Back to Repositories

Validating RMS Normalization Operations in DeepSpeed

This test suite validates the RMS (Root Mean Square) normalization operations in DeepSpeed’s inference engine. It includes comprehensive testing of both standard RMS normalization and pre-normalization with residual connections, covering various data types and tensor shapes.

Test Coverage Overview

The test suite provides extensive coverage of RMS normalization operations.

Key areas tested include:
  • Standard RMS normalization and pre-normalization variants
  • Multiple data types (fp16, bf16) support
  • Various tensor shapes and dimensions
  • Residual connection handling
  • Numerical accuracy verification against reference implementations

Implementation Analysis

The testing approach uses a helper function architecture to systematically verify normalization operations.
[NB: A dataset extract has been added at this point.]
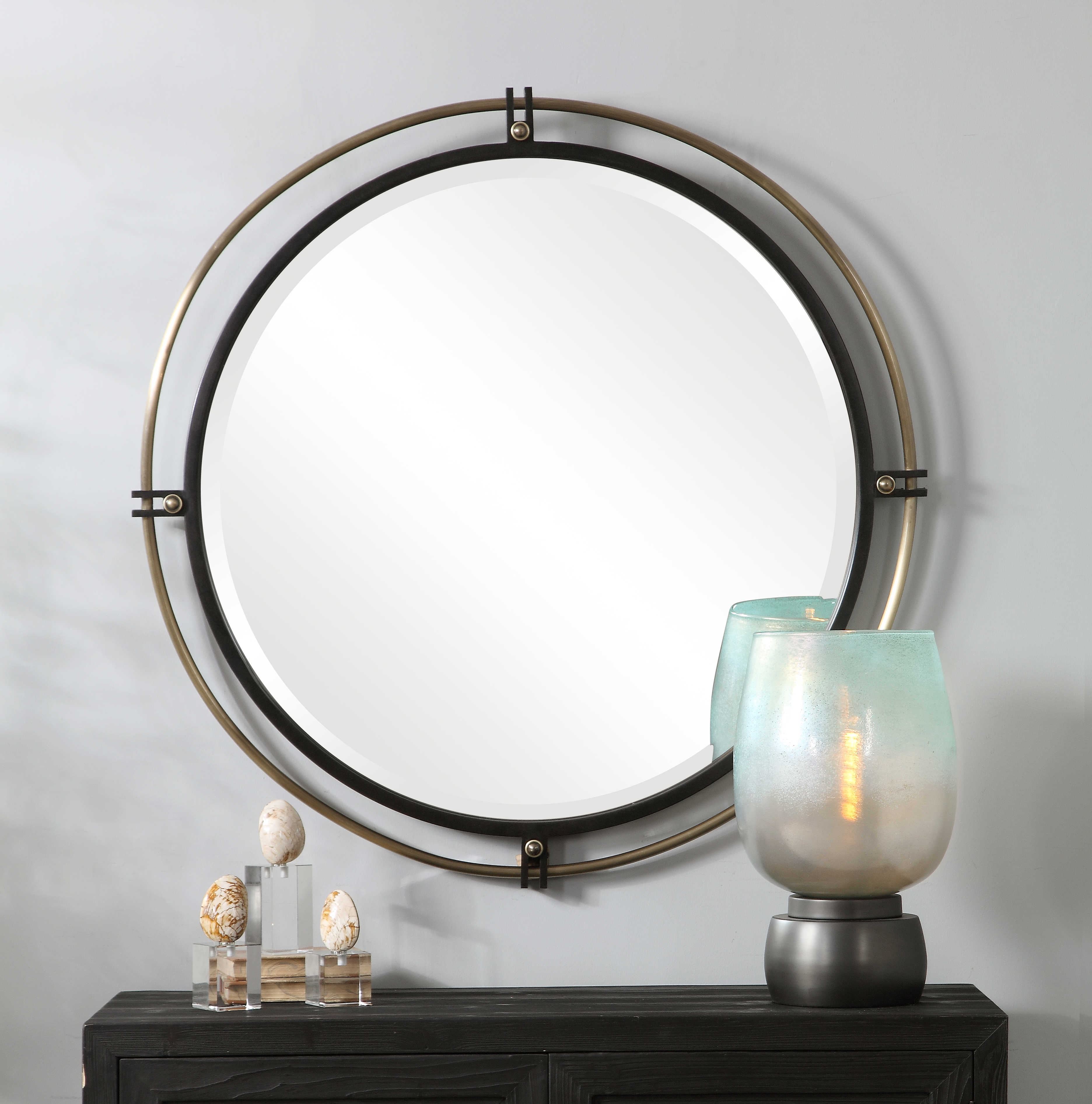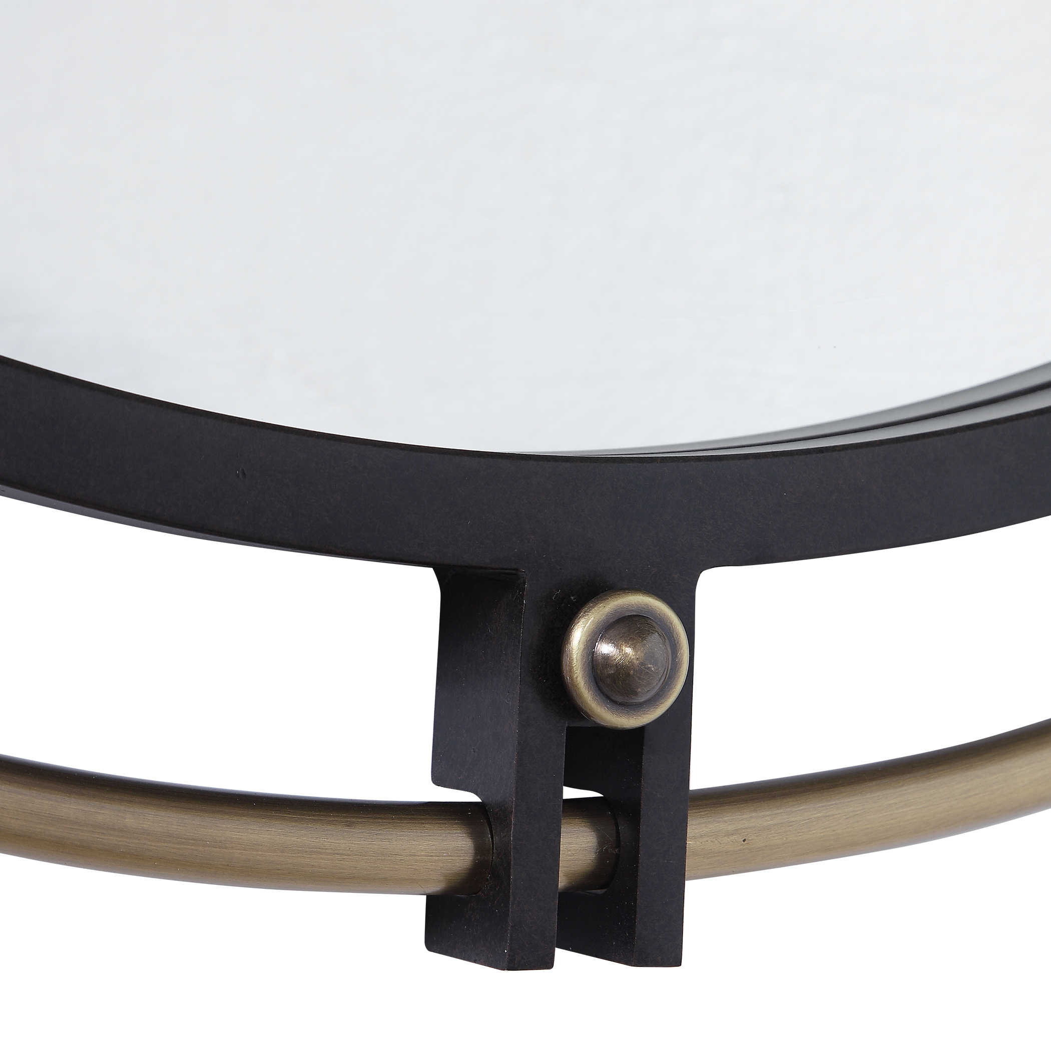 Зеркало Marsden Round от американского бренда Uttermost - это истинное воплощение утонченного стиля середины века. Его круглая форма придает ему оригинальность, а внешнее кольцо из матовой латуни и внутренняя рама из темной бронзы с акцентами на болтах из матовой латуни создают элегантное сочетание материалов.

The implementation employs pytest’s parametrization for comprehensive coverage across different configurations.

Notable patterns include:
  • Reference implementation comparison
  • CUDA kernel validation
  • Dynamic tensor shape testing
  • Dtype compatibility verification

Technical Details

Testing infrastructure includes:
  • PyTorch tensor operations
  • DeepSpeed CUDA kernels (CUDARMSNorm, CUDARMSPreNorm)
  • Pytest parametrization for test case generation
  • Custom assertion utilities for tensor comparison
  • Accelerator-aware device management

Best Practices Demonstrated

The test suite exemplifies high-quality testing practices in deep learning systems.

Key practices include:
  • Systematic parameter space exploration
  • Reference implementation verification
  • Explicit error tolerance handling
  • Comprehensive dtype coverage
  • Modular test helper functions

microsoft/deepspeed

tests/unit/inference/v2/kernels/core_ops/test_rms_norm.py

            
# Copyright (c) Microsoft Corporation.
# SPDX-License-Identifier: Apache-2.0

# DeepSpeed Team

import pytest
import torch

from deepspeed.accelerator import get_accelerator
from deepspeed.inference.v2.inference_utils import DtypeEnum
from deepspeed.inference.v2.kernels.core_ops import CUDARMSNorm, CUDARMSPreNorm
from ....v2.inference_test_utils import get_dtypes, allclose


def reference_rms_norm(vals: torch.Tensor, gamma: torch.Tensor, epsilon: float = 1e-5) -> torch.Tensor:
    variance = vals.to(torch.float32).pow(2).mean(-1, keepdim=True)
    vals = vals * torch.rsqrt(variance + epsilon)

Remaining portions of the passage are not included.